Problem requirements >> Report every line of the data where the string "banke" appears.

Available data >>
=======

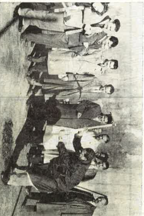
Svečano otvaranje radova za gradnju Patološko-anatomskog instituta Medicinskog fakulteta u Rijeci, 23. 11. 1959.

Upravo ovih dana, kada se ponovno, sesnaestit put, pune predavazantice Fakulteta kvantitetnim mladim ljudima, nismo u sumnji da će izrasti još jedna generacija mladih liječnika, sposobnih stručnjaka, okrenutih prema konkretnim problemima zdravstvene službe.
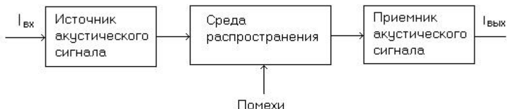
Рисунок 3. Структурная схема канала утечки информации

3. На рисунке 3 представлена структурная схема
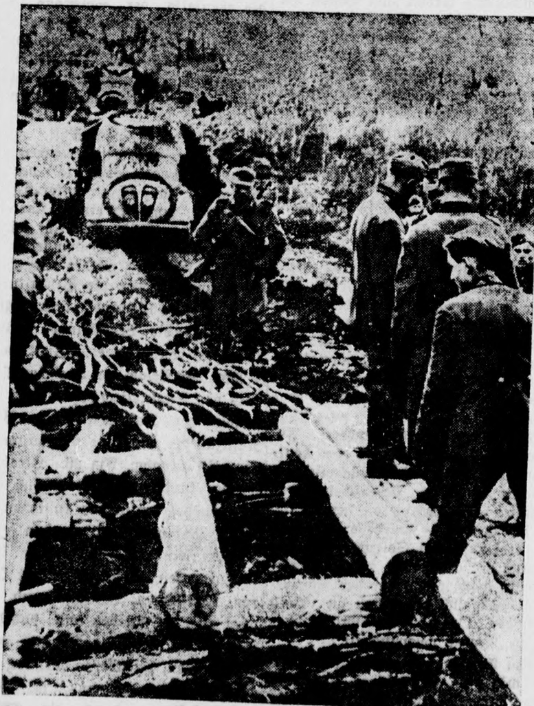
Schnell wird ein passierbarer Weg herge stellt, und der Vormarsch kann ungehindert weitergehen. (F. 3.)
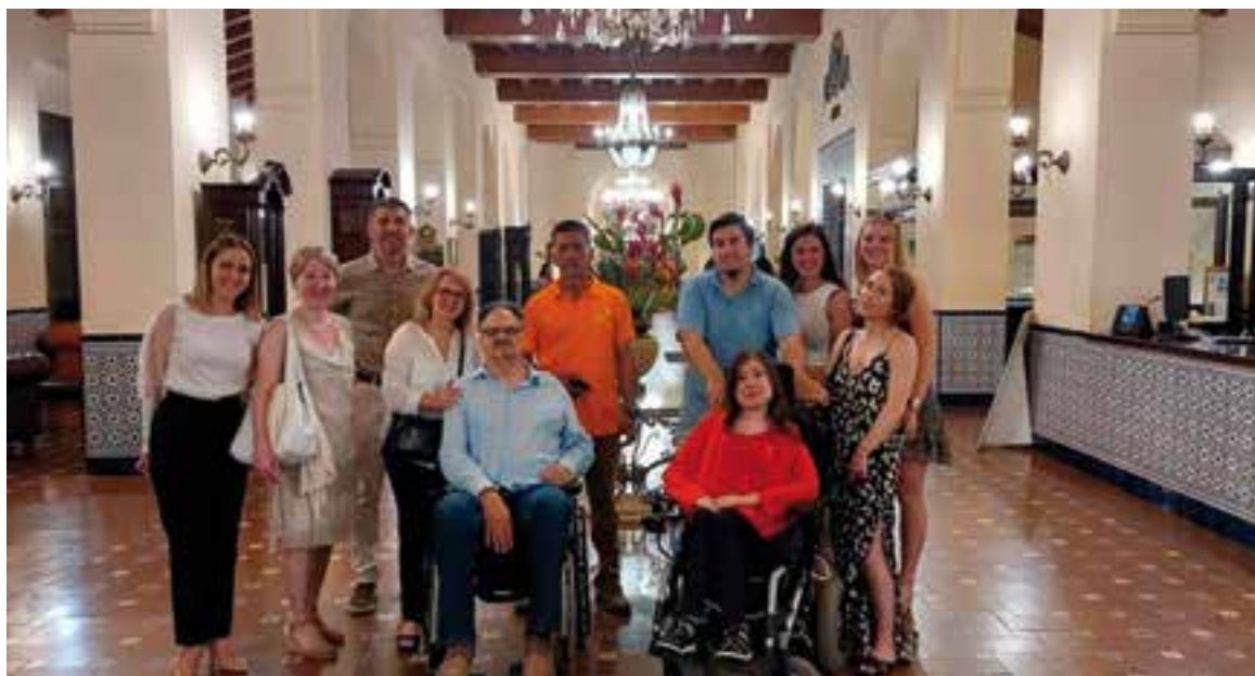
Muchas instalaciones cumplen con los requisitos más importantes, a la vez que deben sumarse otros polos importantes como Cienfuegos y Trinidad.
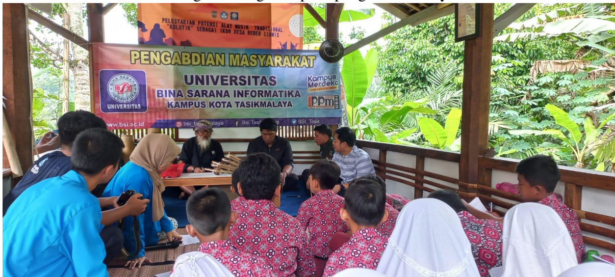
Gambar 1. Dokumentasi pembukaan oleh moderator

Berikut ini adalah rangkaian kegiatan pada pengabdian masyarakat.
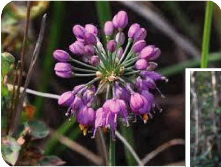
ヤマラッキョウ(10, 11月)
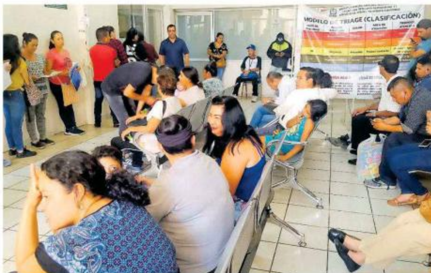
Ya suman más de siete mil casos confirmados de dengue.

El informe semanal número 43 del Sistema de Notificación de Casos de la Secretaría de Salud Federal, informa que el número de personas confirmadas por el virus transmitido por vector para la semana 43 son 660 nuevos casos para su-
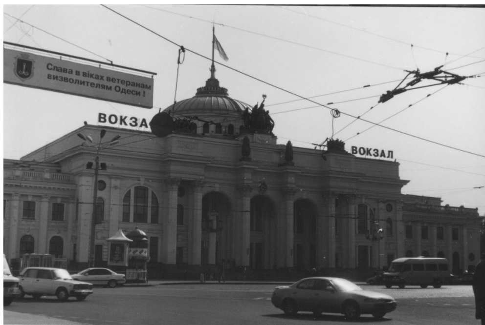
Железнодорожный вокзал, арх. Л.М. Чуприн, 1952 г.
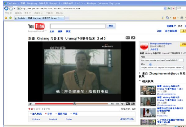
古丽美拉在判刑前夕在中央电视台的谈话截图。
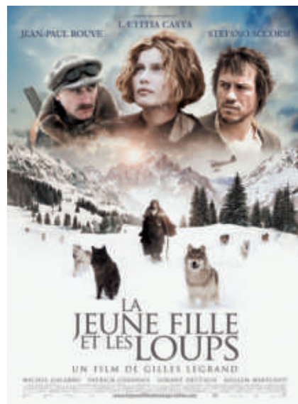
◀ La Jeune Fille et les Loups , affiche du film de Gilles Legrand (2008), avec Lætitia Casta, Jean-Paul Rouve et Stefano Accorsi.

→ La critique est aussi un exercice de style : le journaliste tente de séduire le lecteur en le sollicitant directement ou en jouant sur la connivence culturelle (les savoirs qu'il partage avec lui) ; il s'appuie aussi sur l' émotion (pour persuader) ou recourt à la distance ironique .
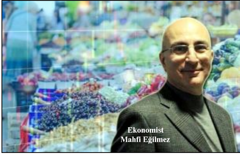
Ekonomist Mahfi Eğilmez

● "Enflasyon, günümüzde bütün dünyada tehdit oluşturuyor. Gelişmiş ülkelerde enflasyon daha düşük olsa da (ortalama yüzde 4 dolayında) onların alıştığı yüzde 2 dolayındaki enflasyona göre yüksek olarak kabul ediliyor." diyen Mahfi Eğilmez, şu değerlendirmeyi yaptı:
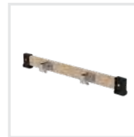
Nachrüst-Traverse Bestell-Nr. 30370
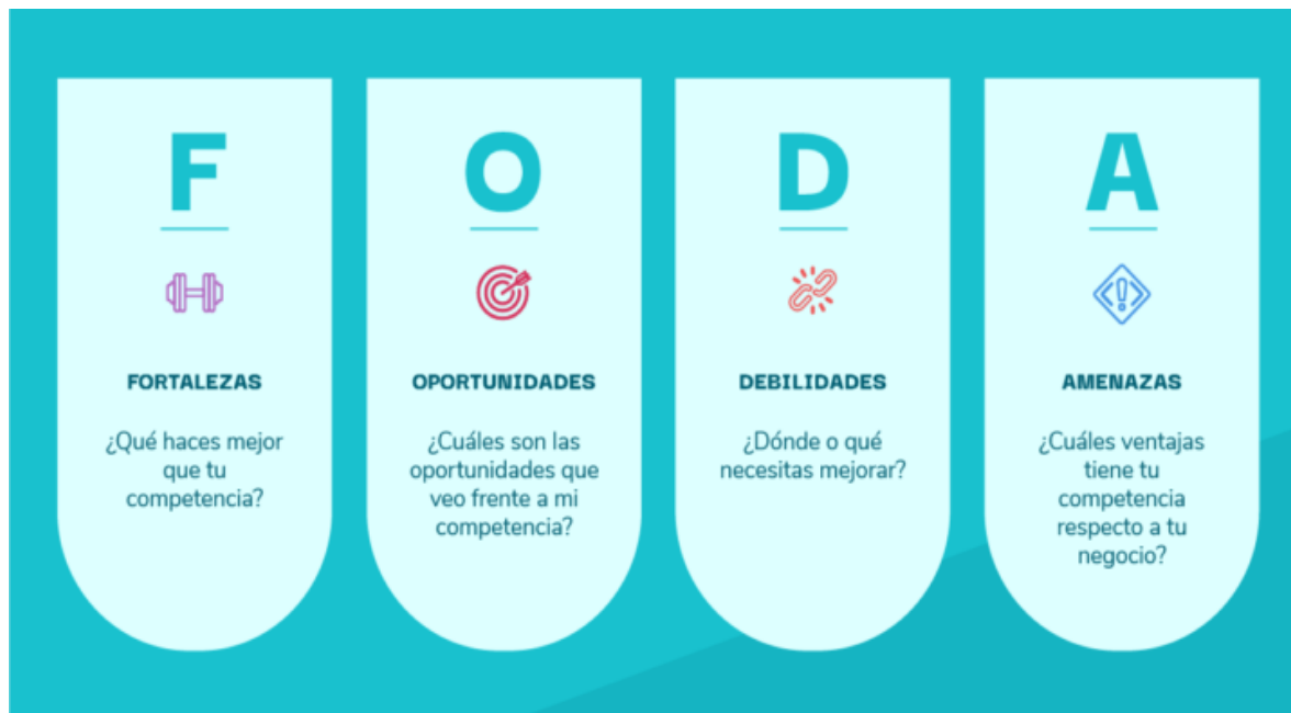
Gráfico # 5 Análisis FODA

=======

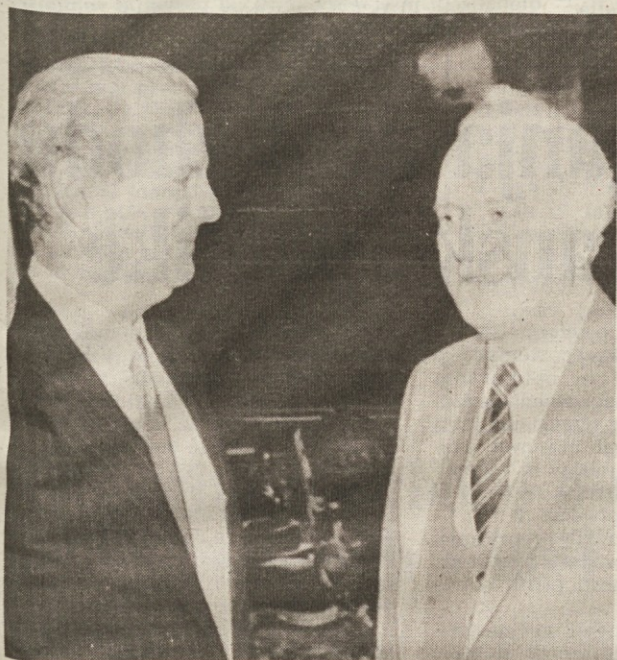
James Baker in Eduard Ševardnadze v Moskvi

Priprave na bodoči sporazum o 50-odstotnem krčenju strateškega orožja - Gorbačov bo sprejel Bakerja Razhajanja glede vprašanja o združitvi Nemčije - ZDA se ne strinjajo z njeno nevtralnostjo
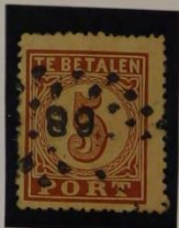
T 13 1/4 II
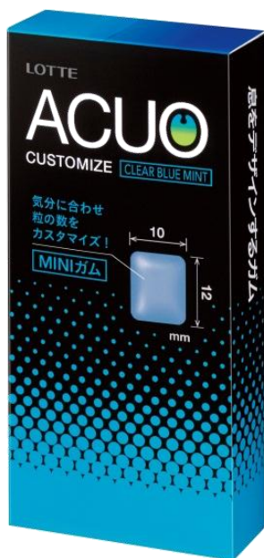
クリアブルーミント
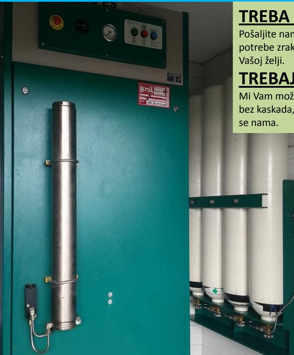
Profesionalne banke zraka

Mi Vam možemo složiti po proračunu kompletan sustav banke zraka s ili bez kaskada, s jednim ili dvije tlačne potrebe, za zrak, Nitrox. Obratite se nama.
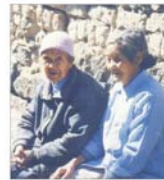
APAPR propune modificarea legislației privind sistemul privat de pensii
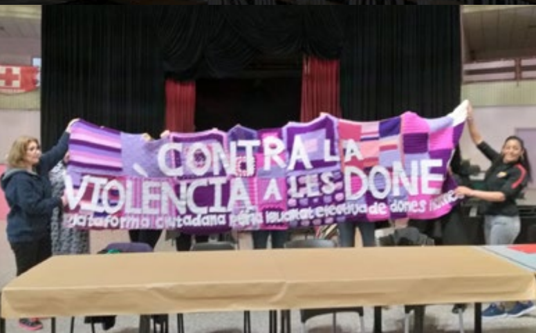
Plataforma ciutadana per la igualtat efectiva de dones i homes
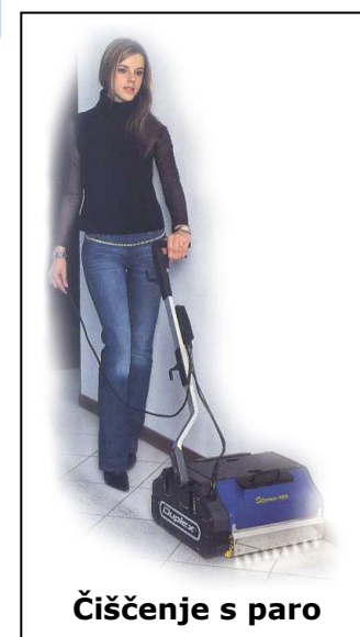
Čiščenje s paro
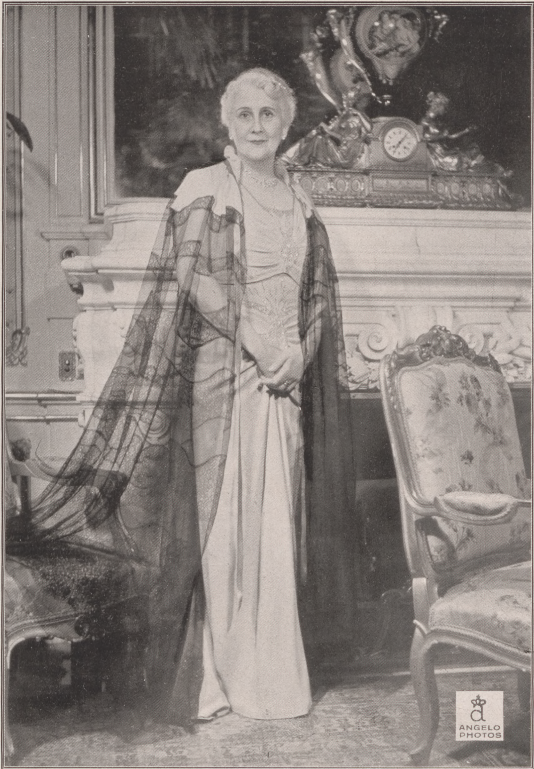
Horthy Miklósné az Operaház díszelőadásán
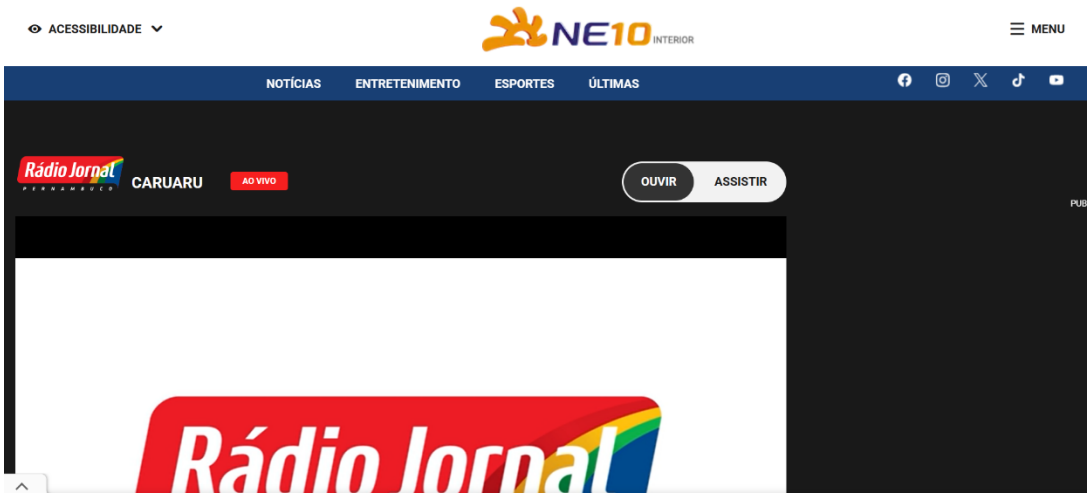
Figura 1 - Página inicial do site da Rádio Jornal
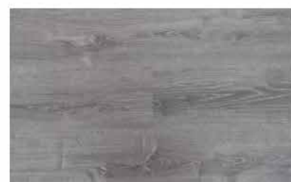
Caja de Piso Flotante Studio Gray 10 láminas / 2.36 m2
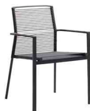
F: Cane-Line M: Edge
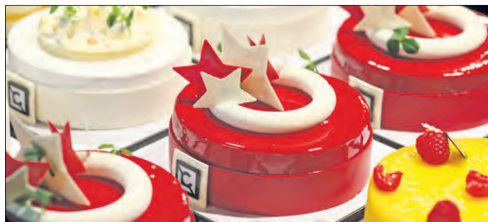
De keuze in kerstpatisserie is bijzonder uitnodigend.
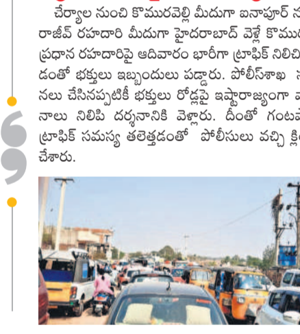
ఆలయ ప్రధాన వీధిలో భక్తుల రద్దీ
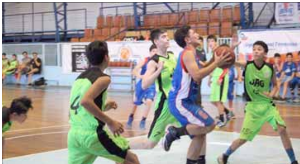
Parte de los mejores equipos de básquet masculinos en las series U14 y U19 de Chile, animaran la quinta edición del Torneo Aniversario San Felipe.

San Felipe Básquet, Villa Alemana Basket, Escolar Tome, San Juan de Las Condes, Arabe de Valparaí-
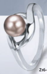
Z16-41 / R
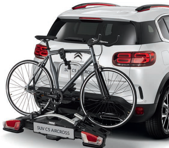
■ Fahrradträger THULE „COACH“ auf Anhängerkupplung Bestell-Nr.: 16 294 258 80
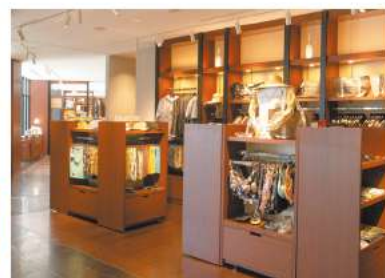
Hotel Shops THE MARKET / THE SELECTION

=======

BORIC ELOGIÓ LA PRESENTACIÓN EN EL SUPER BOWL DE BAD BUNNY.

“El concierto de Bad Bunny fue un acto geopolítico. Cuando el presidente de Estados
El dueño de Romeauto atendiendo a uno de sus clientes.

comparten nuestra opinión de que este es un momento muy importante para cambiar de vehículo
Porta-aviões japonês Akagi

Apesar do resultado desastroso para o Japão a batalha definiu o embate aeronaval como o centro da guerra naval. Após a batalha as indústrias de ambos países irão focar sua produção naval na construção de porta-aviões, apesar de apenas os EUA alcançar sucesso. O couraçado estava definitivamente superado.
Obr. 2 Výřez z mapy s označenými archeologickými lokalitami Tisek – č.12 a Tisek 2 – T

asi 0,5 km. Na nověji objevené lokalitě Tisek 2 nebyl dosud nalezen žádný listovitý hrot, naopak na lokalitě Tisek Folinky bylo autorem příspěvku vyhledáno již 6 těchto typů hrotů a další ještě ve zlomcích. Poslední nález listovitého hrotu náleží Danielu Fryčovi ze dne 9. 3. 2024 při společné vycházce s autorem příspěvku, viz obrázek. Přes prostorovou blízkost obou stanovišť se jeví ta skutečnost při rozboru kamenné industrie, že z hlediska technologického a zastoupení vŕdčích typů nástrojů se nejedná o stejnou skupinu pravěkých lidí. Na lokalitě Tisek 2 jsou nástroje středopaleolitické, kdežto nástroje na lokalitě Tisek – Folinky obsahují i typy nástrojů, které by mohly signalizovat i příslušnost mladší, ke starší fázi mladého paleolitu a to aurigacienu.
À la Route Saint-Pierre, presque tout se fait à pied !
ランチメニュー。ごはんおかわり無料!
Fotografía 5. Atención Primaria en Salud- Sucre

=======

Output of the exercise >>
Profesionalne banke zraka
Mi Vam možemo složiti po proračunu kompletan sustav banke zraka s ili bez kaskada, s jednim ili dvije tlačne potrebe, za zrak, Nitrox. Obratite se nama.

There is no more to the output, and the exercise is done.